Real Estate Disputes
May 2025
The Renters’ Rights Bill (‘the Bill’) is currently making its way through the House of Lords. While there has been growing opposition to the Bill, with over 300 amendments being proposed, the Bill could still prove to be a welcome change for lenders.
Purpose of the Bill
The Bill has been introduced to:
- give greater rights and protections to people renting their homes
- provide tenants with the flexibility to leave substandard properties
In short, it is intended to:
- Reform tenancies
- Strengthen tenants’ rights
- Create a landlord redress scheme
- Create a private rented sector database
- Create a legal standard for property conditions
- Expand enforcement powers
The potential impact of the Bill on lenders
Currently, there are two options available to recover vacant possession of a property subject to an assured shorthold tenancy, namely:
- Serving a notice under section 21 of the Housing Act 1988 (‘HA 1988’)
- Serving a notice under section 8 of the HA 1988
Section 21 Notice
Also known as a ‘no-fault’ eviction, this is used where a tenancy is coming up to expiry or has already expired.
As a result of Trecarrell v Rouncefield [2020], if the landlord is unable to evidence compliance with the various prescribed requirements, then simply put, they will not be granted a possession order.
Section 8 Notice
A notice under this section can be used in two situations:
– where the tenant has breached the terms of the tenancy, or
– where a lender requires vacant possession of the property for the purpose of exercising their power of sale and is bound by a tenancy postdates the loan.
Notices under Section 8 of the HA 1988 are restrictive for lenders requiring vacant possession. Many grounds under this section can be remedied and it is otherwise limited to tenancies which postdate the loan. In addition, a landlord (borrower) should have also served a notice on the tenant confirming they can rely on this ground to obtain vacant possession (albeit the court has discretion to dispense with this requirement).
What the reform could mean for lender’s enforcement
The reform will essentially simplify a lender’s ability to take possession of a property subject to a tenancy.

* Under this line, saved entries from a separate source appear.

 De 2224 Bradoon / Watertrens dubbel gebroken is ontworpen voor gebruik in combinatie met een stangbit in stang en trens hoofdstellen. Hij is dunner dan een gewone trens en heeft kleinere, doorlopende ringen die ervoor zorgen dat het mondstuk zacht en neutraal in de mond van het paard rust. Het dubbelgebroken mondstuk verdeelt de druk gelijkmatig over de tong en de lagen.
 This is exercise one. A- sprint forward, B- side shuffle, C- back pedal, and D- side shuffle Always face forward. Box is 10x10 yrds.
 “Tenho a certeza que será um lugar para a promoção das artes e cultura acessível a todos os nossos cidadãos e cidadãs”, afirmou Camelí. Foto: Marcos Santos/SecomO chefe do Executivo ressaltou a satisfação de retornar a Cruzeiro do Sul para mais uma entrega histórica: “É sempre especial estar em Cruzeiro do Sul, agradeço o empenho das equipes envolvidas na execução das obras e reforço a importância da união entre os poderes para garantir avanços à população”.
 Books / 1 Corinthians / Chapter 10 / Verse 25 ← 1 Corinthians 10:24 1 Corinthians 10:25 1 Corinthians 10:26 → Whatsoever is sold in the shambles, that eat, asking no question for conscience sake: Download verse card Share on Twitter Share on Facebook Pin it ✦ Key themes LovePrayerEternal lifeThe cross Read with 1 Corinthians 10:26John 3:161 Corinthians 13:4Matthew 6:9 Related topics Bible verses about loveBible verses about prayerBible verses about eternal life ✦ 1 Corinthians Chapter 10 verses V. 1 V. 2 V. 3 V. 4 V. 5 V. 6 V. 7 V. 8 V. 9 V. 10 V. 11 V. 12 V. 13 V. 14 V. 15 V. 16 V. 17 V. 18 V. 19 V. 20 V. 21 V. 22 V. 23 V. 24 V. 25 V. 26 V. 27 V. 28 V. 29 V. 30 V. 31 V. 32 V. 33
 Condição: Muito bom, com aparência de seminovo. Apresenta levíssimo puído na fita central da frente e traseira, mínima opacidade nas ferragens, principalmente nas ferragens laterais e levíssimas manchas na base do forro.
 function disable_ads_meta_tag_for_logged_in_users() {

The intention is to abolish assured shorthold tenancies (and as a consequence, ‘no-fault’ eviction notices) under Section 21 of the HA 1988, and to amend Ground 2 of Schedule 2 of the HA 1988 so that it reads as follows:
The dwelling-house is subject to a mortgage and –
(a) the mortgagee is entitled to exercise a power of sale conferred on him by the mortgage or by section 101 of the Law of Property Act 1925; and
(b) the mortgagee requires possession of the dwelling-house for the purpose of disposing of it with vacant possession in exercise of that power.

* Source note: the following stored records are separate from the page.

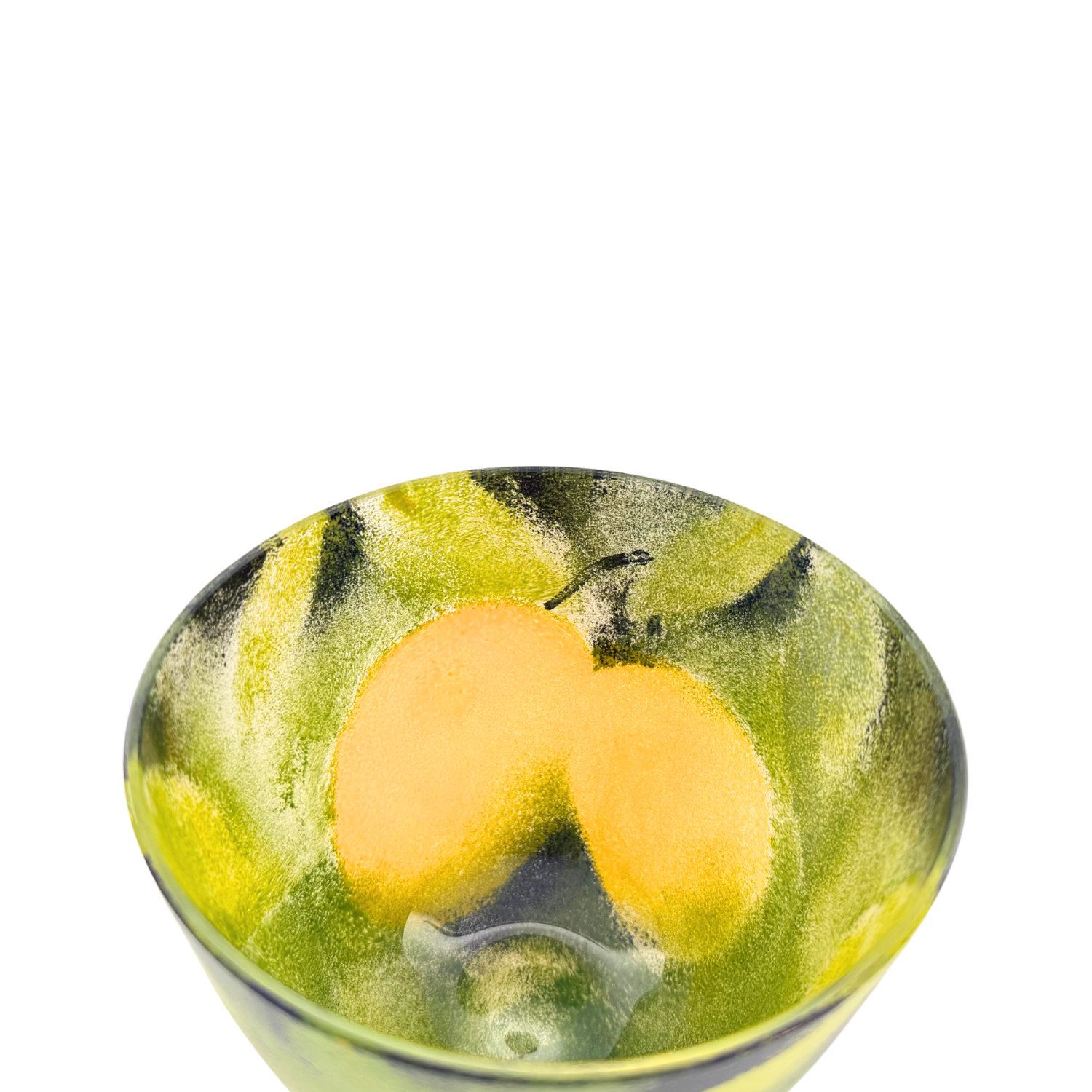 mundgeblasene Schale h: ca. 10,5 cm, Ø (oben) ca. 13 cm, handgemaltes, eingebranntes Dekor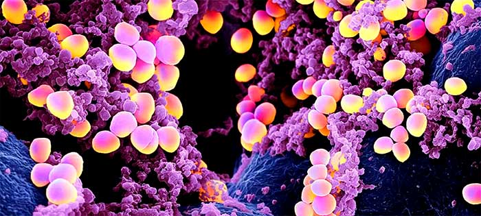A colorized electron microscope image captures a Staphylococcus aureus bacteria colony.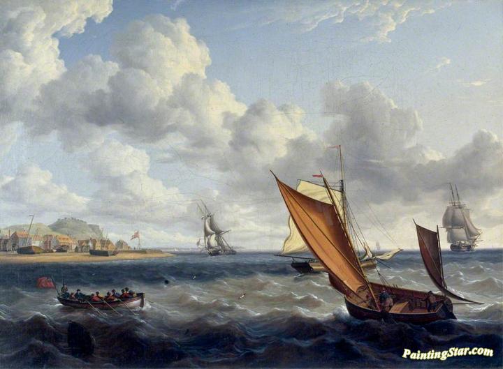 A Fishing Lugger and Customs Boat off a Coastal Town, Art Painting by Charles Martin Powell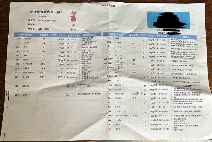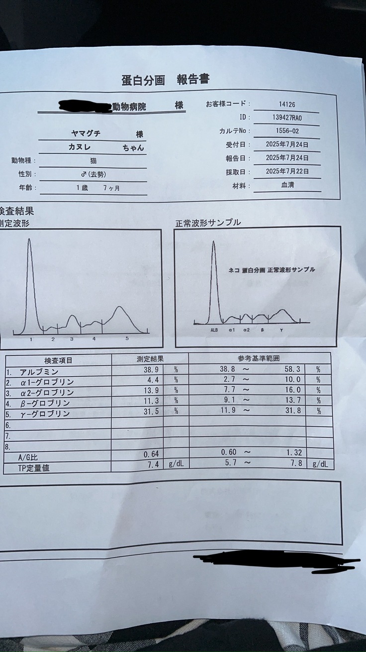 白血病は陰性、エイズは疑陽性。FIP検査結果待ちに。

For the purposes of this ground “mortgage” includes a charge and “mortgagee” shall be construed accordingly.
This means that lenders will be able to rely on this section whether the tenancy predates or postdates the loan, provided the lender requires vacant possession for the purpose of exercising their power of sale. They need no longer be concerned about evicting a tenant when they are unable to comply with the requirements for prescribed information for tenant deposits and the Deregulation Act 2015, viz. the provision of the How to Rent Guide, EPC, Gas and Electrical Safety Certificates. The main contention under the reform is that tenants will be afforded a four-month notice period, which some lenders may accept as a small quid pro quo.
It is recommended that lenders continue to ask the right questions and continue to carry out their due diligence in respect of tenancies. In terms of lending in the short term/alternative lending space, which is often time critical, such potentially arduous and frustrating requirements need no longer be so. Lenders will now have the flexibility to take a view, knowing that it will not compromise their ability to secure vacant possession should they need to enforce the terms of their loan.